Names and Dates of First Settlers:
- A man named Turner who came to the bay when the alleged pirate incident, believed to have taken place in the late 1700's, first visited Happy Adventure.
- Another man named Albrooks came to Happy Adventure at this time, giving his name to Albrook's Head.
- After the time in which the pirates had left Happy Adventure, the residents of the early-inhabited headland settlements of Bonavista Bay next visited the area seasonally. This settling was undertaken in the 1860's in order to exploit the areas wood supplies and excellent land.
- Local oral traditions and documents point to the Powell and Moss families as among the first permanent settlers of Happy Adventure, also in the 1860's.
- The Powell's settled in what is now known as Powell's Cove.
- Joseph Cuff settled at Bonavista and changed his name to Matchim. His descendents later moved to Happy Adventure.
First Recorded Populations:
- Happy Adventure first appeared in the Census of 1869 with a population of 51.
- The population increased to 415 by 1961, and decreased to 364 in 1971.
- The community has had a predominant Church of England (Anglican) population.
Major Early Industries:
- Located near the impressive lumber stands of the central Bonavista Bay region which covers a large part of the Eastport Peninsula and both shores of Newman Sound. Happy Adventure is situated far from the prime fishing locations near the headlands of the peninsula.
- Since the building of the Terra Nova National Park in the 1950's, access to forest resources has been limited and Happy Adventure residents have sought their livelihood in the inshore fishery and outside the community in construction work, trades, services and sawmilling.
- The Labrador seal hunt and the inshore fishery are main sources of employment.
- The building of a trans-insular railway, which ran near the base of the Eastport peninsula, and the development of extensive sawmilling operations along the heavily wooded shores of Clode Sound and Newman Sound in the 1880's and 1890's, gave rise to a new and lucrative source of cash income.
- Thomas Turner, a merchant mill-owner began a gasoline-operated mill at Salton's Brook which was in use until approximately 1945 cutting railway ties, boat planks and lumber for local markets. This operation was awarded a contract by Bowring Company to supply pit props for English markets. This employed many people in communities all over southern Bonavista Bay.

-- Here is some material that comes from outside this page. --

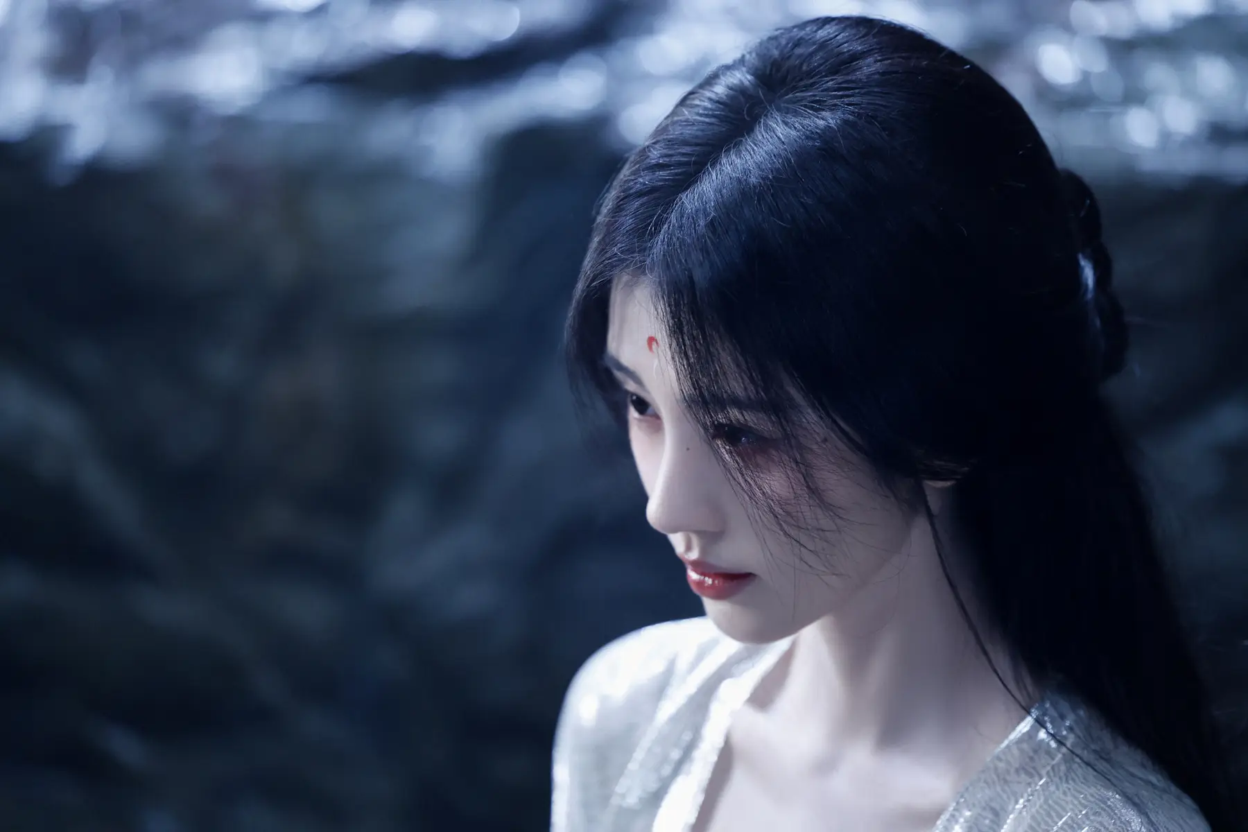 鞠婧祎着银纱古装水中出镜 湿发造型清冷出尘

- Employment was gained for many Happy Adventure workers by the 1930's and 1940's in pulpwood operations which transformed the settlement into a 'virtual ghost town', as loggers and their families moved 'up the bay' in the fall to be near the timber stands until spring.
- Sawmilling continued to be a feature of the Happy Adventure economy although the creation of the Terra Nova National Park cut off access to valuable stands of timber, which had formally been the mainstay of the sawmilling and pulpwood operation.
- In 1978, two mills were supplying mainly local needs.
Services
Place of Worship:
- United Church of the Good Shepherd: Church Services vary. Contact Harry Clark at (709) 677-2149 to inquire.
Attractions
Little Sandy Cove Beach
European bird known as Common Red Shank was sited in the spring 1999 on Little Sandy Cove Beach.
Significant Architecture
- First school was a Church of England school, which was built between 1886 and 1891.
- Both Church of England and Methodist two-room schools existed in Happy Adventure.
- In the late 1960's, there was a centralized elementary and high school in Eastport.